Opening a window with Win32 in C
Note: To follow this tutorial you should have a basic understanding of C. This tutorial is split into a code walkthrough with the detail required for a good understanding and a deep dive which covers a great deal of extra detail. The code walkthrough is also available as a video. In this tutorial I'll show you how to open a window with the Windows native library in C and respond to "close" events. Firstly, here's the code (or download here): NOTE: Click any of the hyperlinked words to visit the MSDN documentation page for them.#define UNICODE
#define _UNICODE
#include <windows.h>
#include <stdbool.h>
bool quit = false;
LRESULT CALLBACK WindowProcessMessage(HWND, UINT, WPARAM, LPARAM);
int WINAPI WinMain(HINSTANCE hInstance, HINSTANCE hPrevInstance, PSTR pCmdLine, int nCmdShow) {
WNDCLASS window_class = { 0 };
const wchar_t window_class_name[] = L"My Window Class";
window_class.lpszClassName = window_class_name;
window_class.lpfnWndProc = WindowProcessMessage;
window_class.hInstance = hInstance;
RegisterClass(&window_class);
HWND window_handle = CreateWindow(window_class_name, L"Learn to Program Windows", WS_OVERLAPPEDWINDOW, CW_USEDEFAULT, CW_USEDEFAULT, CW_USEDEFAULT, CW_USEDEFAULT, NULL, NULL, hInstance, NULL);
if(window_handle == NULL) { return -1; }
ShowWindow(window_handle, nCmdShow);
while(!quit) {
MSG message;
while(PeekMessage(&message, NULL, 0, 0, PM_REMOVE)) {
TranslateMessage(&message);
DispatchMessage(&message);
}
// Do game stuff here
}
return 0;
}
LRESULT CALLBACK WindowProcessMessage(HWND window_handle, UINT message, WPARAM wParam, LPARAM lParam) {
switch(message) {
case WM_QUIT:
case WM_DESTROY: {
quit = true;
} break;
default: { // Message not handled; pass on to default message handling function
return DefWindowProc(window_handle, message, wParam, lParam);
} break;
}
return 0;
}
You can build with GCC:
gcc main.c
Or here's a build script using vc (download here):
call "C:\Program Files\Microsoft Visual Studio\2022\Community\VC\Auxiliary\Build\vcvarsall.bat" x86_amd64
cl main.c user32.lib
pause
You may need to edit the directory in the first line, or run "Developer Powershell for VS 2022" from your start menu and skip the first line.
Code Walkthrough
>#define UNICODE
#define _UNICODE
#include <windows.h>
#include <stdbool.h>
Everything we need is in “windows.h”. I’ve also included “stdbool” for the “true” and “false” macros. Regarding those definitions of UNICODE and _UNICODE, more explanation is in the deep dive. For now, the Win32 API doesn't use regular old char* strings, but wchar_t* strings instead. Each character is 2 bytes instead of one and supports many languages and symbols. Strings with a leading L before the quote, like L"Hello world" are wide character strings.
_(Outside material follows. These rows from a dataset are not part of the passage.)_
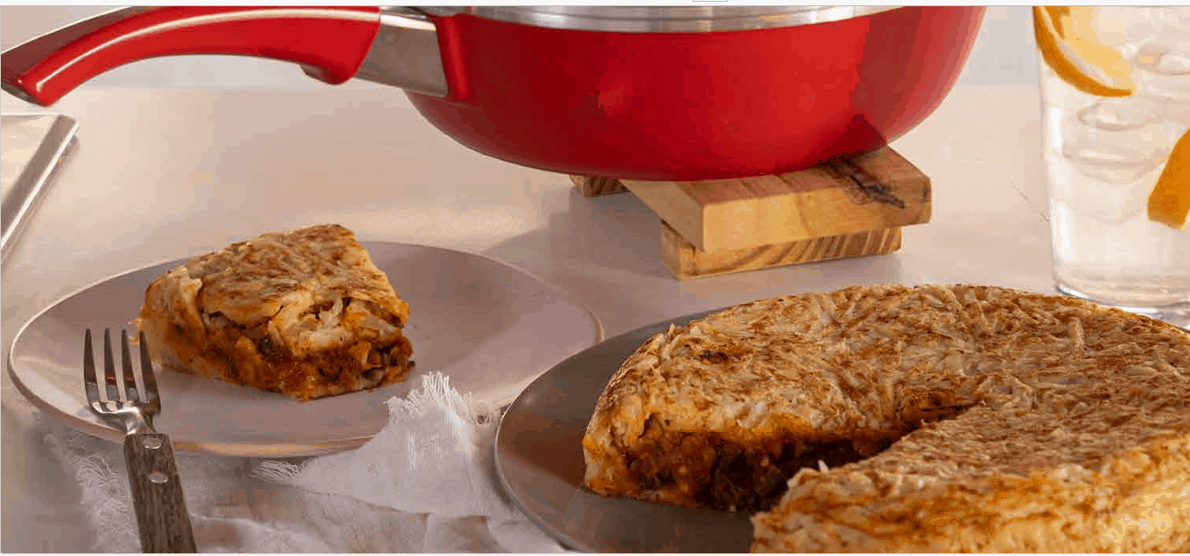 Una fácil y económica receta para este sábado, tortilla rellena de carne, nos propone Georgina Giambenedetti, emprededora Essen de Malargüe.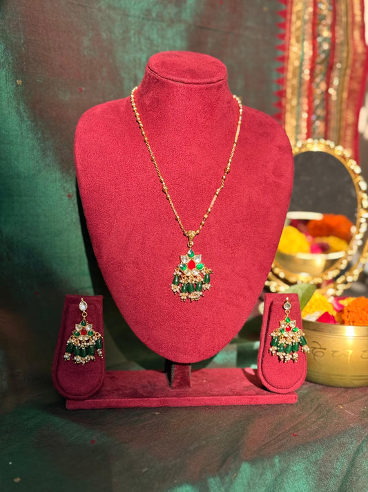 Green Color Gold Plated Jadau Kundan Nosering- NTH101GR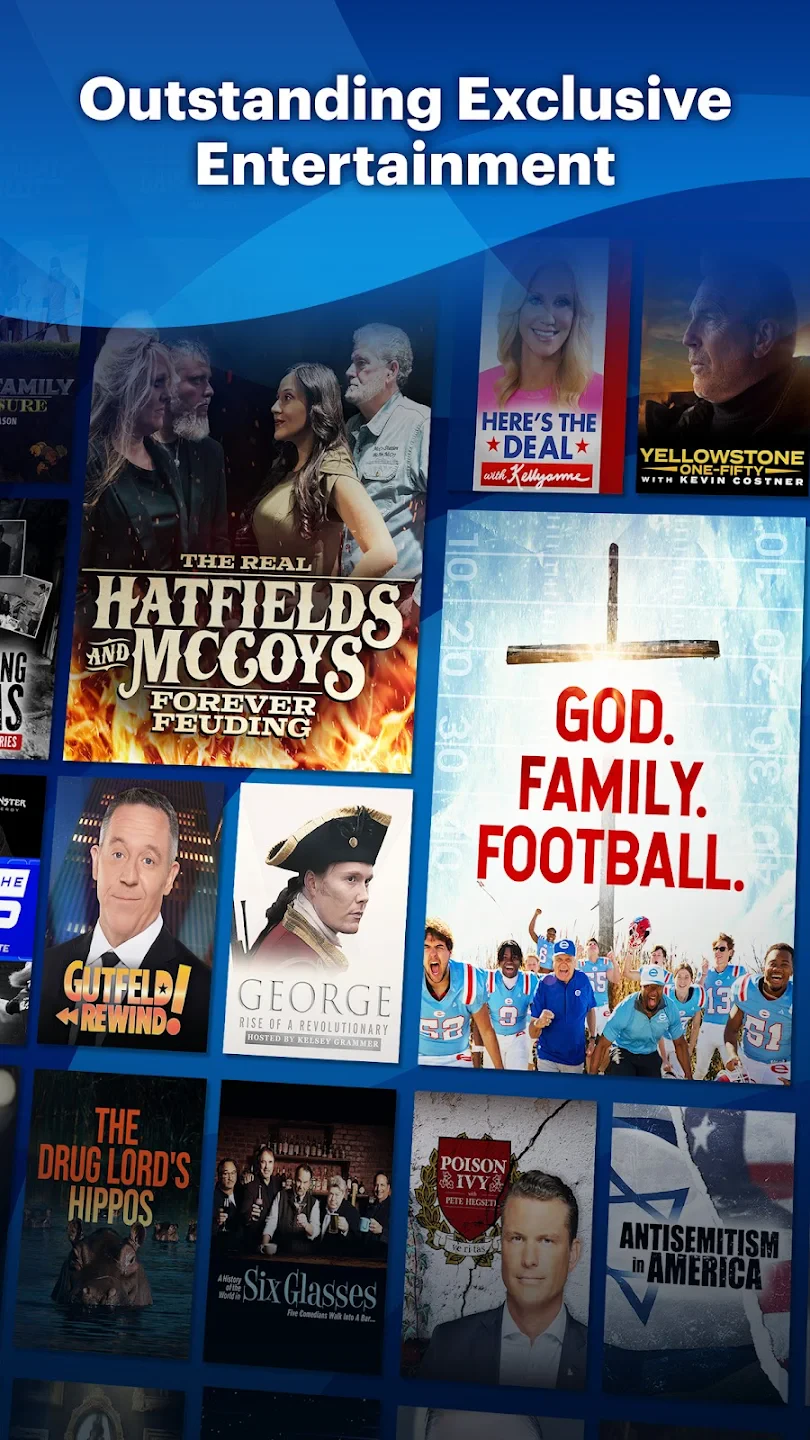 • Premium Content Library: Access a comprehensive archive of FOX Nation’s exclusive political documentaries, deep dives, and special reports. This feature allows you to revisit important coverage or explore detailed analysis on any topic within your saved or relevant collections.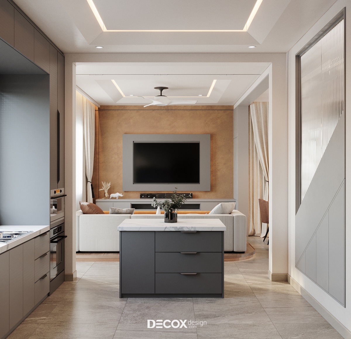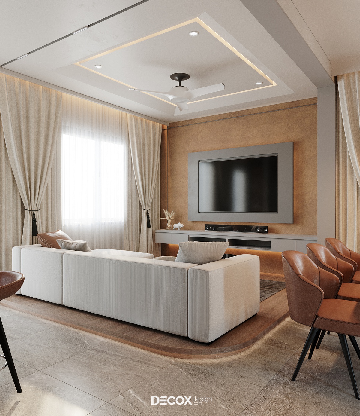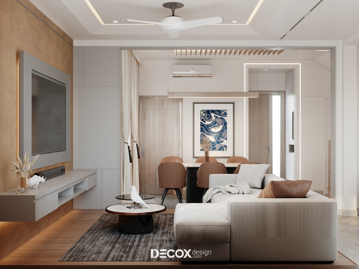 Phòng khách sử dụng lối bố trí nội thất đề cao tinh thần tối giản nhưng vẫn giữ được nét duyên dáng với cách sắp đặt quen thuộc: TV đối diện sofa. Không gian sinh hoạt chung này chính là một “góc nhỏ” đầy thân mật để mọi người quây quần, sum họp bên nhau. Thế nên, cách chọn màu và ứng dụng họa tiết ở đây cũng được chọn lọc tỉ mỉ để khiến căn phòng giàu tính tận hưởng và thư giãn hơn. Một điểm sáng tạo trong không gian này chính là phần nền nhà được giật cấp nhẹ và lát gỗ bo cong mềm mại ôm trọn khu vực phòng khách. Cách thiết kế này đem đến một điểm nhấn đầy táo bạo, chi tiết đó giống như ranh giới ước lệ để khu biệt phòng khách và các không gian khác. Mặt khác, giống như lớp layer giúp phòng khách trông khác biệt và nổi bật hơn.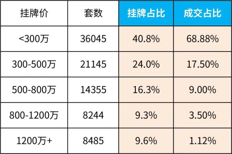 从我们统计的挂牌/成交占比来看,能发现500万级以上的市场,依然处于承压状态。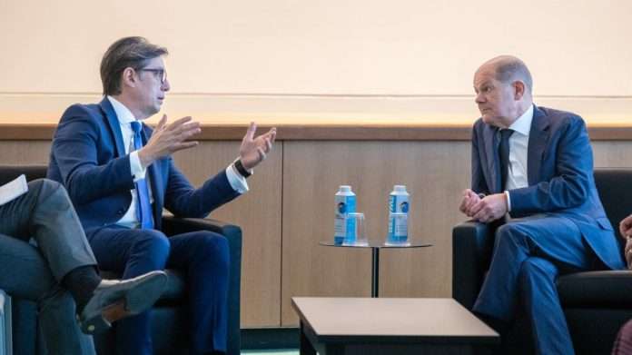 Nga kabineti i Pendarovskit njoftuan se në takim është biseduar për bashkëpunimin bilateral ndërmjet Maqedonisë së Veriut dhe Gjermanisë, perspektiva evropiane e vendit dhe zhvillimet aktuale në rajon.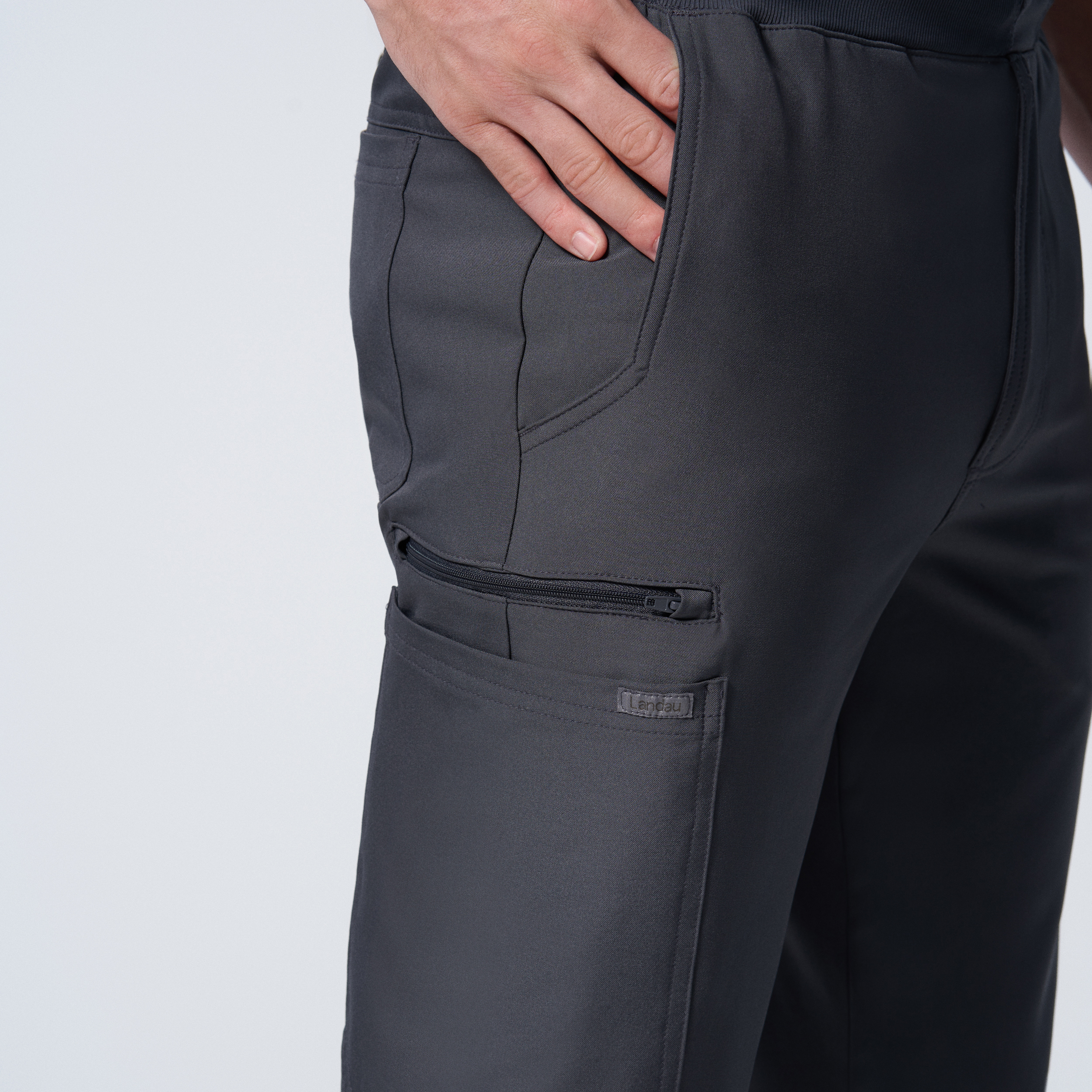 Available Sizes SS-S3X; Fashion Colors: SS-S2X Fit Feature Modern Fit - Tapered to flatter your shape without limiting movement Pocket Description 7 Pockets: 2 hip pockets, 2 cargo pockets, 1 zipper cargo pocket, 2 back pockets Top/Pant Detail Mid-rise triple-elastic waist with a drawstring for a secure fit Product Features Convenient zipper fly Special Features Rib-knit leg cuffs Long Description Men's fit jogger has a stretchy rib knit waistband with convertible drawstring and rib knit bottom cuffs. Has ample amount of pocket space with 2 Cargo pockets, 1 Zipper pocket,2 front pockets and 2 Back pockets for your everyday needs. Regular Inseam 27" Inseam Average Leg Opening 9.5 Material Feature Landau Forward is a range of performance-driven scrubs. Premium fabrics and activewear-inspired design deliver style, comfort, and adaptability. Garments made with CiCLO sustainable textile technology are kinder to our planet, helping to reduce the accumulation of plastic waste in landfills and plastic pollution in our oceans. Fabric Content 92% CiCLO Polyester/8% Spandex Twill STRETCH TYPE 4-Way Stretch WICKING Moisture Wicking Wrinkle Resistant Wrinkle Resistant Fade Resistant Fade Resistant Shape Retention Shape Retention Care Instructions Wash before wearing. Machine wash in cold water on gentle cycle. Do not bleach. Tumble dry low heat. Iron low heat.

int WINAPI WinMain(HINSTANCE hInstance, HINSTANCE hPrevInstance, PSTR pCmdLine, int nCmdShow) {
Win32 defines its own main() function entry-point and handles some behind-the-scenes Windows setup, then calls “WinMain” which we can treat as the new entry-point for our program.
WNDCLASS window_class = { 0 };
const wchar_t window_class_name[] = L"My Window Class";
window_class.lpszClassName = window_class_name;
window_class.lpfnWndProc = WindowProcessMessage;
window_class.hInstance = hInstance;
RegisterClass(&window_class);
HWND window_handle = CreateWindow(window_class_name, L"Learn to Program Windows", WS_OVERLAPPEDWINDOW, CW_USEDEFAULT, CW_USEDEFAULT, CW_USEDEFAULT, CW_USEDEFAULT, NULL, NULL, hInstance, NULL);
if(window_handle == NULL) { return -1; }
We create a window class to hold information about the window. The name is used to reference our class later. “lpfnWndProc” is a pointer to a function Windows will call in order to handle events, or as Windows calls them, messages. We “Register” the class with Windows, then create a window based on it.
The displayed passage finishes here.